National Poetry Month: Sighs from the Edda Over Iceland

Image by Tanja Schulte from Pixabay

This has been a splendid month. All artwork is used with permission. I’ve tried whenever possible not only to credit the artists whose work I’ve used, but also to donate to them for their work as requested. I thought I’d end by posting an old favorite of mine that I wrote on an international flight many years ago. It was first published in Dreams and Nightmares #67, January 2004, and republished a few times since.
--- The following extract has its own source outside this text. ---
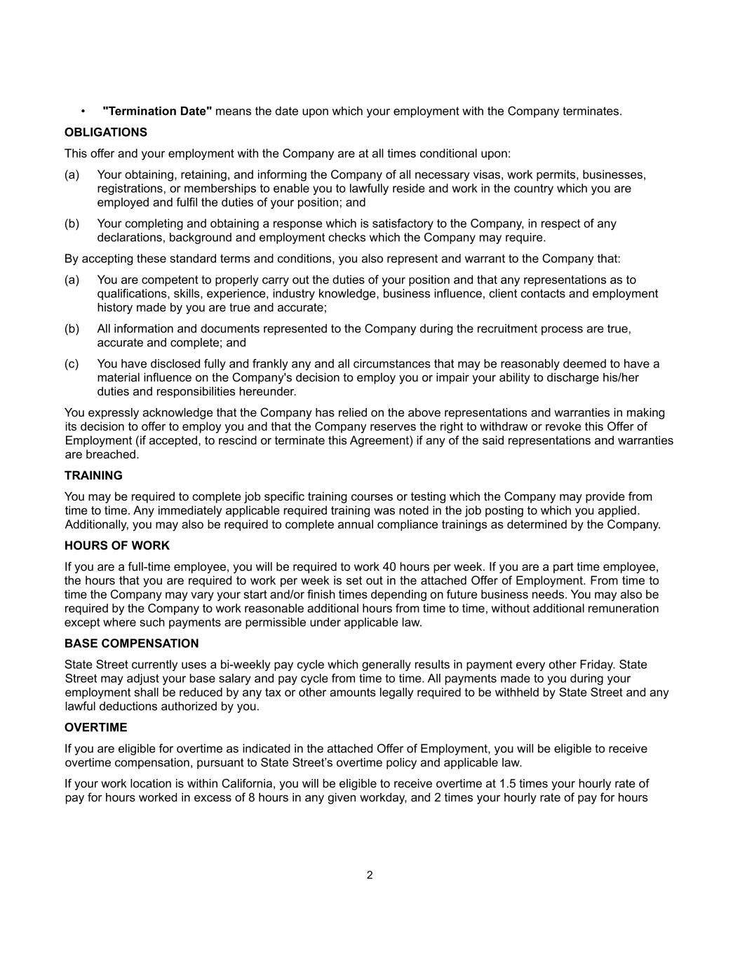 2 • "Termination Date" means the date upon which your employment with the Company terminates. OBLIGATIONS This offer and your employment with the Company are at all times conditional upon: (a) Your obtaining, retaining, and informing the Company of all necessary visas, work permits, businesses, registrations, or memberships to enable you to lawfully reside and work in the country which you are employed and fulfil the duties of your position; and (b) Your completing and obtaining a response which is satisfactory to the Company, in respect of any declarations, background and employment checks which the Company may require. By accepting these standard terms and conditions, you also represent and warrant to the Company that: (a) You are competent to properly carry out the duties of your position and that any representations as to qualifications, skills, experience, industry knowledge, business influence, client contacts and employment history made by you are true and accurate; (b) All information and documents represented to the Company during the recruitment process are true, accurate and complete; and (c) You have disclosed fully and frankly any and all circumstances that may be reasonably deemed to have a material influence on the Company's decision to employ you or impair your ability to discharge his/her duties and responsibilities hereunder. You expressly acknowledge that the Company has relied on the above representations and warranties in making its decision to offer to employ you and that the Company reserves the right to withdraw or revoke this Offer of Employment (if accepted, to rescind or terminate this Agreement) if any of the said representations and warranties are breached. TRAINING You may be required to complete job specific training courses or testing which the Company may provide from time to time. Any immediately applicable required training was noted in the job posting to which you applied. Additionally, you may also be required to complete annual compliance trainings as determined by the Company. HOURS OF WORK If you are a full-time employee, you will be required to work 40 hours per week. If you are a part time employee, the hours that you are required to work per week is set out in the attached Offer of Employment. From time to time the Company may vary your start and/or finish times depending on future business needs. You may also be required by the Company to work reasonable additional hours from time to time, without additional remuneration except where such payments are permissible under applicable law. BASE COMPENSATION State Street currently uses a bi-weekly pay cycle which generally results in payment every other Friday. State Street may adjust your base salary and pay cycle from time to time. All payments made to you during your employment shall be reduced by any tax or other amounts legally required to be withheld by State Street and any lawful deductions authorized by you. OVERTIME If you are eligible for overtime as indicated in the attached Offer of Employment, you will be eligible to receive overtime compensation, pursuant to State Street’s overtime policy and applicable law. If your work location is within California, you will be eligible to receive overtime at 1.5 times your hourly rate of pay for hours worked in excess of 8 hours in any given workday, and 2 times your hourly rate of pay for hours

Sighs from the Edda Over Iceland

God drags his knuckles
Over the vast drifts
Pressing his thumbs through
The pallid sheets
Until long splits run for miles.
Without warning,
The white hump of
A great snow whale
Breaks the clouds from below,
Shadowy ridges crisscrossing its back
Encrusted with below-zero barnacles.
And then I wonder…
What if these frost beasts truly
Swam beneath us in sluggish schools
Through milk and mist?
And what if the entire earth was
A puckered moonscape
Of powdered hills and craters?
Iceland conjures the palest sorcery,
A bleak, blissful nothingness
That threatens to turn everything
It touches ivory and alabaster.
So I place my chalky cheek
Against the window, close my eyes
And breathlessly envy the wing.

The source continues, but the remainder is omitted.